1. Winds of vengeance
2. Tormentor (Deliver us)
3. With swords held high
4. The crystal eye
5. Signal the earth
6. Shroud of misery
7. Battle for the Sinister Realm
8. The tower is burning

Allentown's own shroud of turgid, yet torpid misery and ruination - Sinister Realm - brought down the final nylon curtain with their beleaguered, orotund anthems of impending doom, when they corniced us with copious amounts of gloomy ambience on their debut, nigh 2 year ago.

Their profane omens troubled even the most feral of those seeking penance, and eternal solitude. Their haunting, black mass hysterical chords descried vain hope for those lost souls holding a waning candle in the void of darkness. Now with swords held high, as we gaze into 'The crystal eye', these souls seekers rent the veil of disguise and aim for a more traditional path down the sheltered, brick road; seeking the dark cloud's vanilla lining.

For this, their sophomore release for Shadow Kingdom Records, bands like Warlord, Manilla Road, Omen, Jag Panzer, Liege Lord, and their ilk of inhuman binding influence have seeped into the pores of the pallid.

New guitarist John Risko and drummer Chris Metzger have been added to the fold creating a more solid songwriting companionship with accomplished musicians John Kantner and John Shamus Gaffney still providing the backdrop of tears and torment. Viscid vocalist Alex Kristof chooses to not resonate with his capable falsetto, but maintains his somber articulations and acrid tone; similar to Mark "The Shark" Shelton or John Falzone of Steel Assassin.

"Winds of vengeance" is a great opener and a solid rocker in the classic Mercyful fate meets Oz zeal. Fans of In Solitude, Noctum, Portrait, (now all signed to Metal Blade), or other acts like A Tortured Soul, Argus, and November's Doom will appreciate this heavy vibe, with upbeat potential, yet ultimate pending despair. The grandiose closer "The tower is burning" builds with a mammoth wall of frustration, that following another piquant, melodious instrumental is an befitting way to end this sojourn of slaying delight held by the helm of the sinister.

One picayune point, is that 8 songs in just not enough for this CD. Sure you have the majestic battle roar of "With swords held high", and the bewitching fright night sting of "Shroud of misery"; which offset the title track and stellar mastered malice rush of "Signal the earth"; however, on their debut their were 9 lethal cuts, and all of them showed promise.

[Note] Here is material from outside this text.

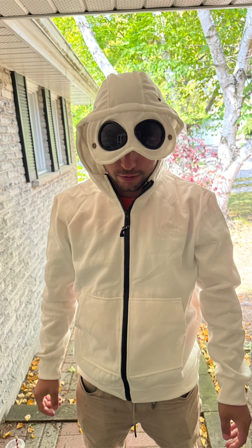 62Selling a CP Company goggle hoodie in white. This stylish hoodie features the iconic goggle design on the hood. Perfect for adding a unique touch to your wardrobe!

Songs like "Machine god" and "Mongol horde" delved more into the beast that is Priest. A vicious cut like "March of the damned" balanced perfect on the sling blade of terror and defiance. Why would these overlords of torture want to obfuscate their fan base, when they can macerate us with more meaty, juicy, and esculent affirmations?

Altogether, with 2 CDs, minus 2 well-written instrumentals, we have a total of only 15 songs, which is not too bad for a band only in existence less than half a decade. By comparison, this CD is on even keel with the debut, and is still a worthy follow-up of bare bones, no nonsense, traditional metal.

Here is hoping that on the next journey into imagination, these dream weavers mold more memorable songs, return replete with more of those impressive solos, and endeavour to create more thrumming salmagundi in an age of mawkish and merciless ersatz and an indecorous lack of spontaneity.